Financing

G.J. Hart’s vision for Red Robin: Better burgers and more managers

The new CEO wants to get the brand back on track by improving its menu and correcting past missteps.
Red Robin exterior
Red Robin has had a difficult five years, but new CEO G.J. Hart wants to change its trajectory. / Photograph: Shutterstock

G.J. Hart presided over his first earnings call as CEO of Red Robin on Wednesday and offered a glimpse at how the brand might change under his leadership. 

The restaurant veteran, who has had a hand in growing established brands like Torchy’s Tacos and Texas Roadhouse, was plucked from Red Robin’s board to help re-energize a brand he said has made some mistakes.

I think Red Robin has been an iconic brand for five decades,” he told investors, according to a transcript on financial services site Sentieo. “And I think over time, for whatever reason, some of those things have slipped away or changed or they vanished completely.”

For one thing, Hart wants the 520-unit burger chain to improve its burgers.

“We have ‘Gourmet Burgers’ on every building that we have out there,” he said. “We do a great job when our burgers are prepared today, but I think we can improve upon that.” He said the same thing about its milkshakes. “We want to go back to owning shakes.”

More broadly, he wants to reshape the menu with a barbell strategy, or a greater balance of lower-priced and premium items. 

Red Robin has flirted with that approach in recent months, rolling out a $10 meal deal intended to appeal to cash-strapped guests. The offering has been effective, and Hart appears ready to take the strategy even further.

“I think we need to have a full barbell menu strategy, where from appetizers to entrees, there's a wide range,” he said. 

That will include expanding Red Robin’s limited entree selection. “Today, it's really about fish and chips,” he said. “We have three items in total.” 

Hart also wants to fix some past operational decisions that proved disastrous—most notably a 2018 service model change that eliminated bussers.  The move greatly lengthened guest wait times because tables were left uncleaned until servers could clear them.

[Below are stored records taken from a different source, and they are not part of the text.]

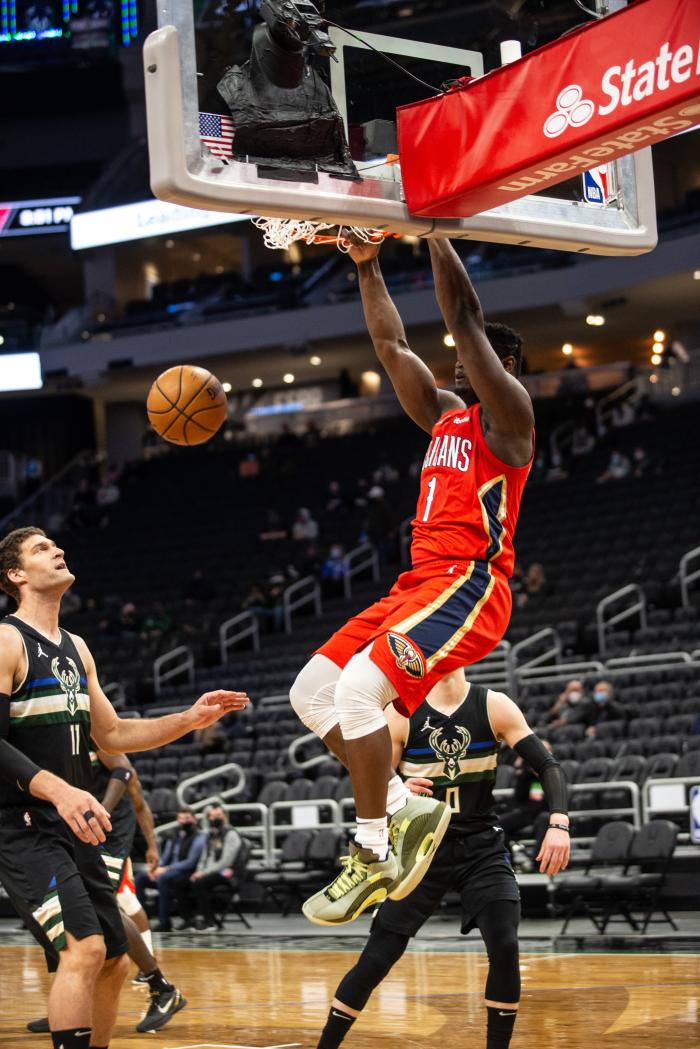 首节比赛,锡安禁区吃饼暴扣,持球突破过掉字母哥上篮得分,单节多次暴扣贡献11分;锡安犹如坦克一般疯狂肆虐禁区,郎佐-鲍尔则是扮演外线射手,两人首节合砍20分大战雄鹿;到了第二节,锡安继续攻击篮筐,防守端钉板大帽迪文琴佐,上半场打得十分高效。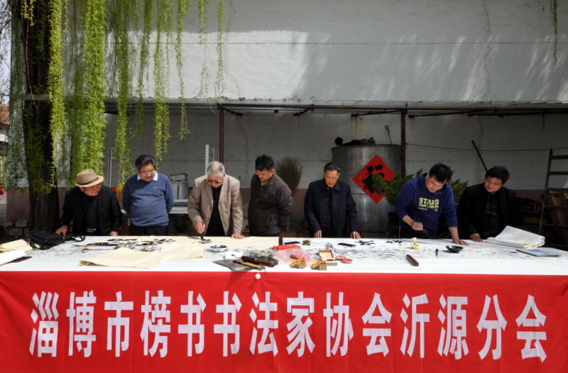 为推进书法文化事业发展,4月1日,淄博市榜书书法家协会沂源县分会的书法家们在悦庄镇东埠村举办书法笔会活动,来自全县的10多名书法爱好者参加了本次活动。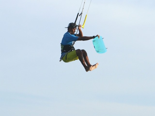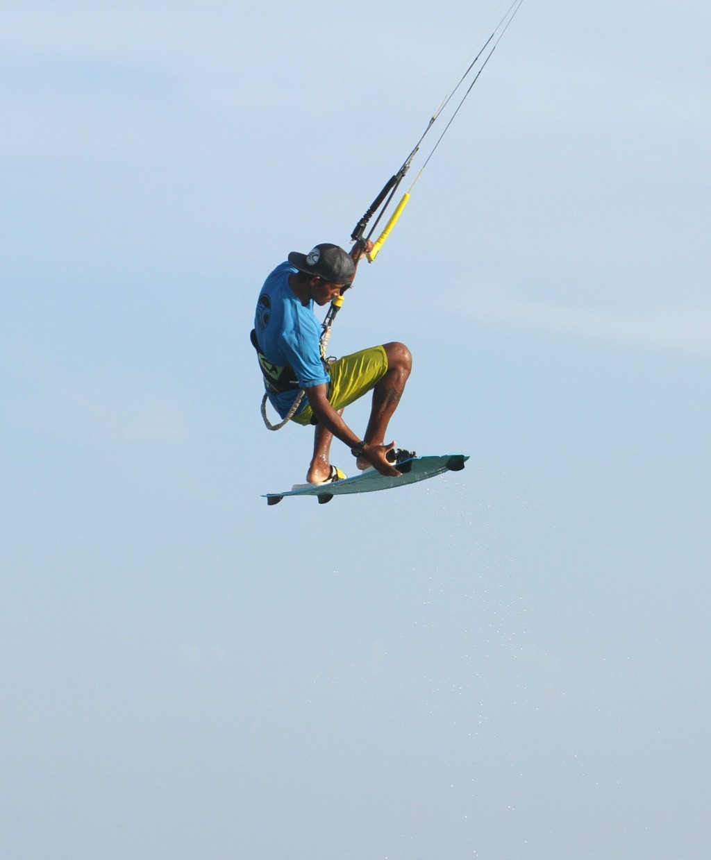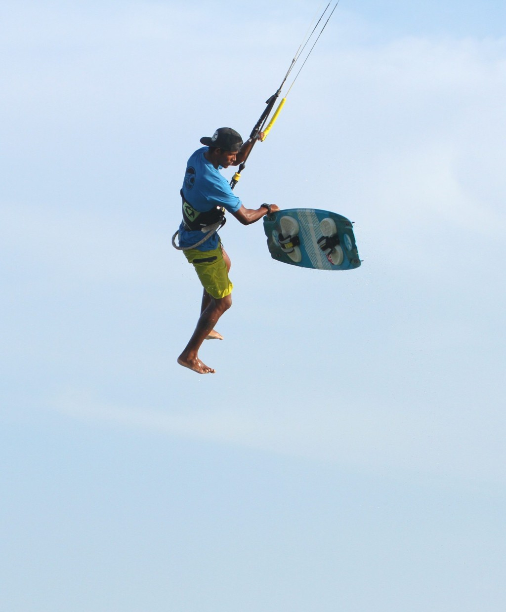 Once you’ve got the grab getting the board off shouldn’t be too much of an issue! Having your straps a tad looser than normal will help a lot and is almost essential for getting it back on. Because you’ve lent back and all your weight is in the harness, and your board is flat, you should be able to just lift the board up with your hand while pulling your feet back. However, concentrate on keeping the bar in or else the kite will stop supporting you, and you’ll already start your decent. All through this, you should ideally still be on the way up. Here Heliarde has his feet pulled back, bar is level, and the board is officially freed.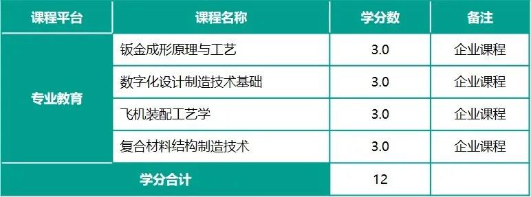 特色课程模块是专业教学计划中具有专业特色的课程,反映了飞行器制造工程的行业特殊性以及专业内容多样性,体现在专业知识的“深入”和“宽广”,涉及专业相关的新技术新方法的知识点的详细描述以及更深入的专业知识,用于学生对专业知识的进一步掌握和了解。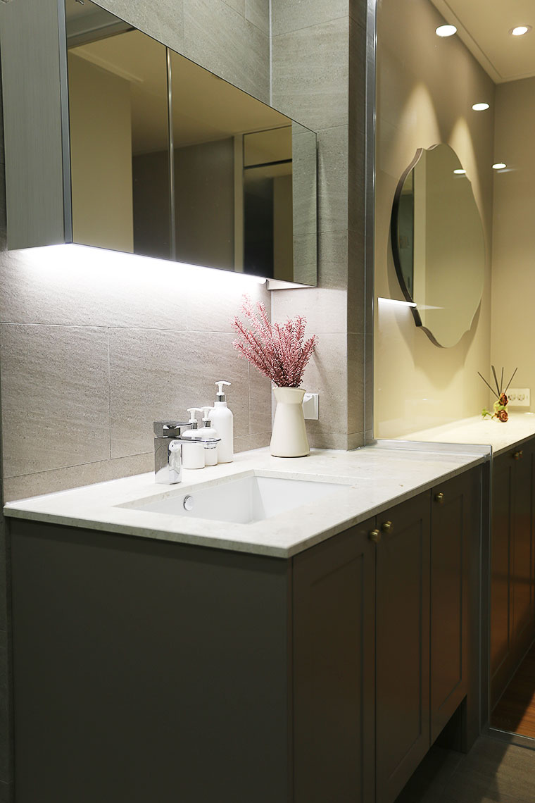 파우더룸과 세면대를 설치해서 좁은 공간의 활용도를 높여주고 있습니다.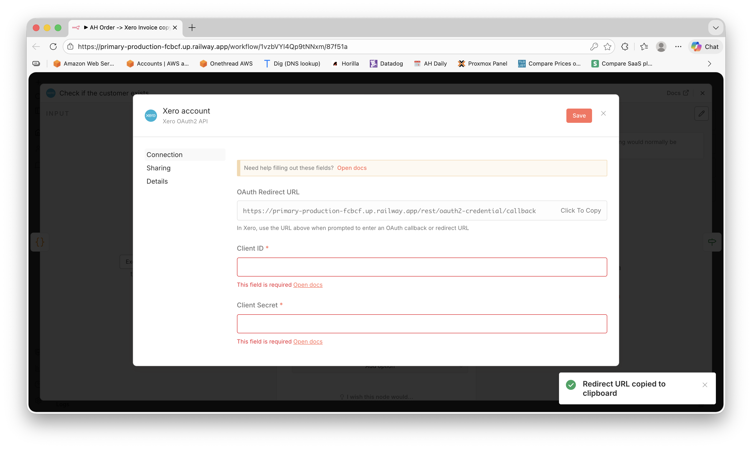 c. Use the URL you copied earlier from n8n workflow, for example, https://primary-production-fcbcf.up.railway.app/rest/oauth2-credential/callback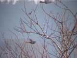 2羽のホオジロの続きです。枝に止まっていた2羽がほぼ同時に羽ばたき、少し飛んだ後、再び、枝に戻ってきました。飛行の様子は30分の1秒間隔で採録しました。周囲に枝があると枝を避けるようにこのように垂直になって羽ばたくようです。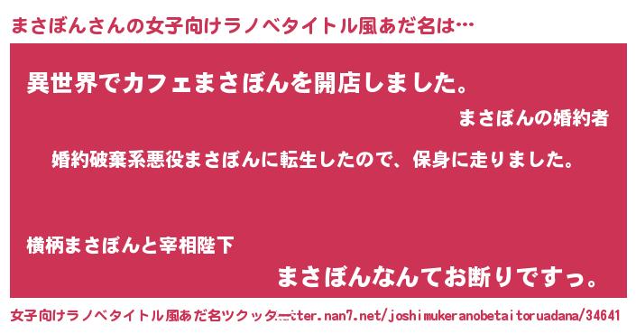 | 胡散臭い通販商品みたいなあだ名 | 『絶対に幸福をもたらす水素水…その名も「まさぼん」』 |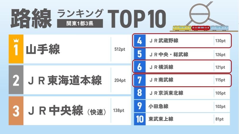 ・路線はTOP10に入ったバイパス路線に注目(4位:武蔵野線、6位:横浜線、7位:南武線)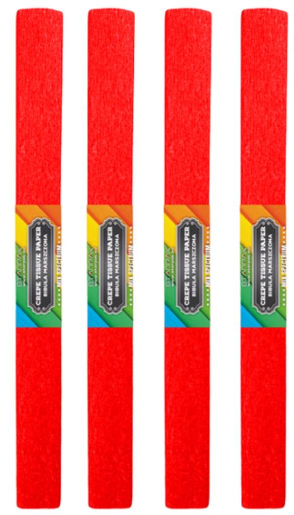 Bibuła marszczona, w kolorze czerwonym - niezbędna każdemu uczniowi na zajęciach plastycznych.
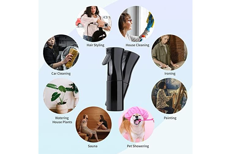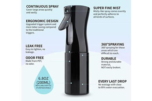 【Ultra fine mist spray pattern distributes water evently】Engineered with a robust pre-compression technology, spray bottle dispenses a stream of sustained mist that lasts for 1.2 seconds. The spray has a fixed output of 1.25cc per second and is dispensed consistently from first to last drop.it provides the right amount of water to mildly saturate the hair without getting gunked like the old kinds, refreshing curls or taming a bed-head in the mornings.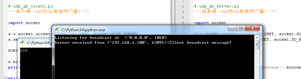 以上就是跳跃书本最近收集整理的关于Python+Socket实现基于UDP协议的局域网广播功能示例的全部内容,更多相关Python+Socket实现基于UDP协议内容请搜索靠谱客的其他文章。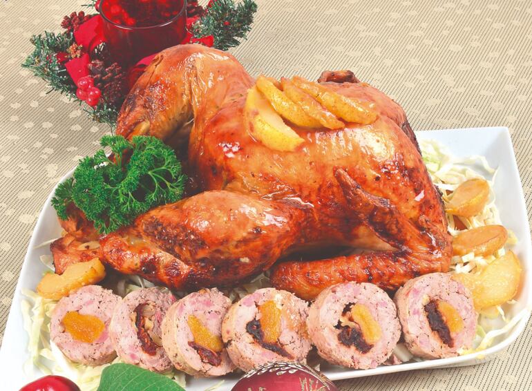 4. Mezclar los ingredientes del relleno, rellenar el ave y cerrar con palillos. Con el resto del relleno, se puede hacer un arrollado y envolverlo con papel aluminio. Se cocina en el horno junto con la pavita.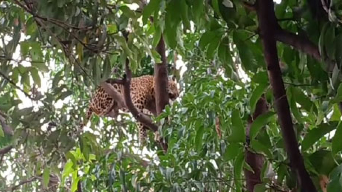 शहर में आ धमका तेंदुआ : आम के पेड़ पर चढ़ा, रेस्क्यू के लिए पहुंचा वन अमला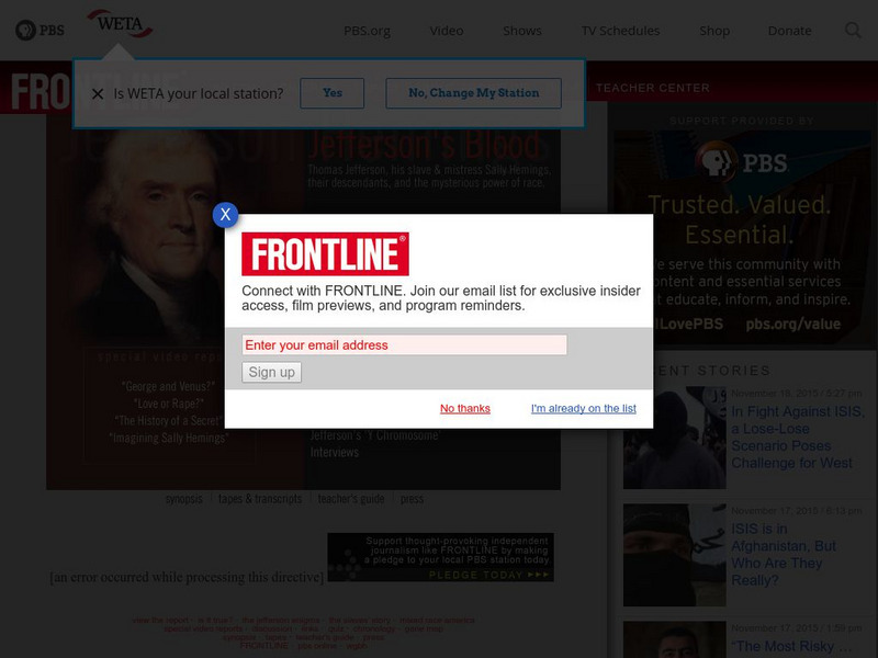 A website companion to PBS Frontline looks at Jefferson and his possible relationship with his slave Sally Hemings.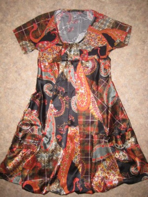 Платье просто супер, оригинальный фасон, яркие цвета. Очень жаль расставаться, но еще грустнее видеть, как висит без дела

Customers bolted rather than wait.

The chain’s sales fell 3.6% that year and 0.2% the next, and its unit count shrunk for the first time since at least 1999, according to Technomic Ignite data. The pandemic interrupted any opportunity to recover under former CEO Paul Murphy.

“The decision that we all know about, taking bussers out of the restaurant, was a major one,” Hart said. “We're taking a long look at that to see, ‘How do we help strengthen the management teams?’”

That could include hiring more managers—up to four or five per unit—and giving them specific responsibilities, like kitchen manager, he said.

Hart acknowledged that would represent a significant investment at a time when restaurants are looking to cut costs. But he said it could help improve the guest experience and offset other expenses like turnover and training.

“We recognize that we're going into a challenging economic environment,” he said. “But I also believe that some of these things are necessary for this brand to get back in the direction that we all wanted to from where we've been in some of the decisions of the past. We have to correct those in my opinion.”

In the third quarter ended Oct. 2, Red Robin’s same-store sales rose 5.3% year over year, which included a 9% increase in average check and a 3.7% traffic decline. The sales growth helped boost restaurant-level operating margins by one-tenth of a percentage point, to 12.6%.